Delivery compound has multiple uses


Insmed, a biopharmaceutical company located in Virginia’s Biotechnology Research Park, makes a proprietary delivery compound of insulin-like growth factor-I (IGF-I) bound to its primary binding protein, IGFBP-3. Administered by injection, it’s amazingly versatile; it can:  improve blood sugar levels and reduce insulin use in diabetics, improve muscle rebuilding and reduce inflammation in burns, and improve functional recovery and bone mineral density in hip fractures. SomatoKine(R) is now in Phase III clinical trial to help kids with a severe growth disorder–and results are positive.

Insmed’s website has a page where you can get information on licensing, partnering or developing a research collaboration with them.

China eyes embryo biotechnology

The debate on how to get ahead in bioscience rages.

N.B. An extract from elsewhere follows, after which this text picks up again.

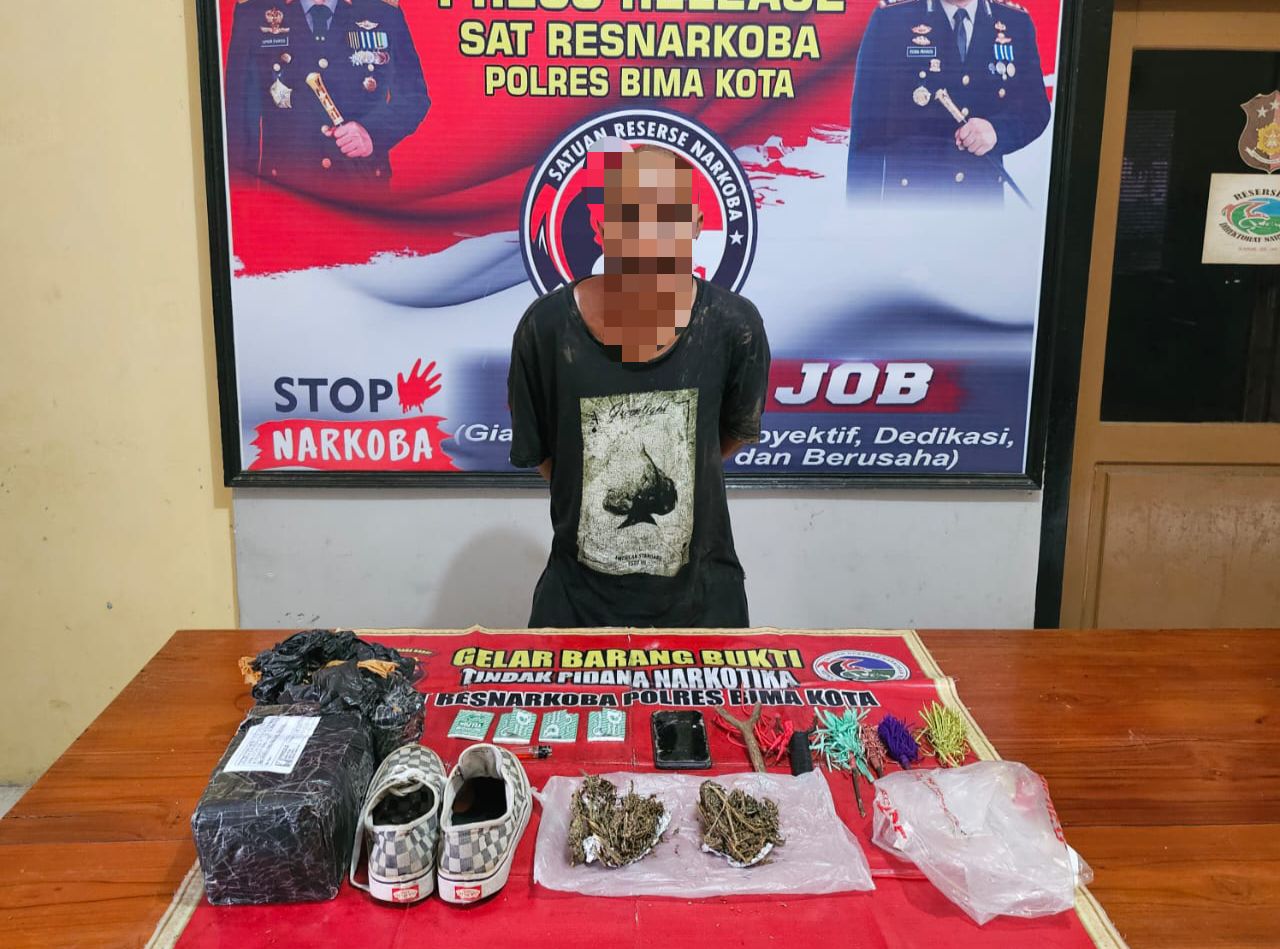 Kota Bima, NTB (30/3) – Tim Opsnal Sat Resnarkoba Polres Bima Kota berhasil mengungkap kasus penyalahgunaan narkoba di wilayah hukumnya. Seorang pengedar ganja asal Kabupaten Bima, yang diketahui bernama HS (31), berhasil diringkus bersama barang bukti seberat 50 gram ganja kering siap edar.

An article in today’s Chinese People’s Daily Online says scientists are being told to look for the area where they can take the lead. A professor at Connecticut State University, Yang Xiangzhong urged attendees at a conference in Beijing to focus on embryo technology and cloning. He told them that Americans are going slowly in this area because of ethical and religious disapproval and thus their research is done largely with animals, while China has the advantage of being able to conduct human therapeutic cloning.

Oh, and today’s Washington Post announces that proponents of stem cell research are entering the political fight for the White House.

IBM software to aid medical research

IBM has just announced a new software solution that “enables research institutions and biopharmaceutical companies across the world to integrate, store, analyze and better understand genotypic and phenotypic data for medical research and patient care.”

The gist of it is that they capture–and de-identify (a new word for the modern security-conscious HIPAA age)–data from existing hospital and research systems, store data from healthcare institutions and diagnostic labs, then centralize it all to yield the opportunity for research on steroids.

Device entrepreneur seeks connections

Northeast Ohio entrepreneur, Wayne Urban,  has done his homework for a couple of years to get this medical device invention off the ground. This truly home-spun, grassroots effort is introducing a product that fills a real need: a sling that holds up your leg when you’ve been injured and can’t stand on it. Makes a lot of sense to podiatrists.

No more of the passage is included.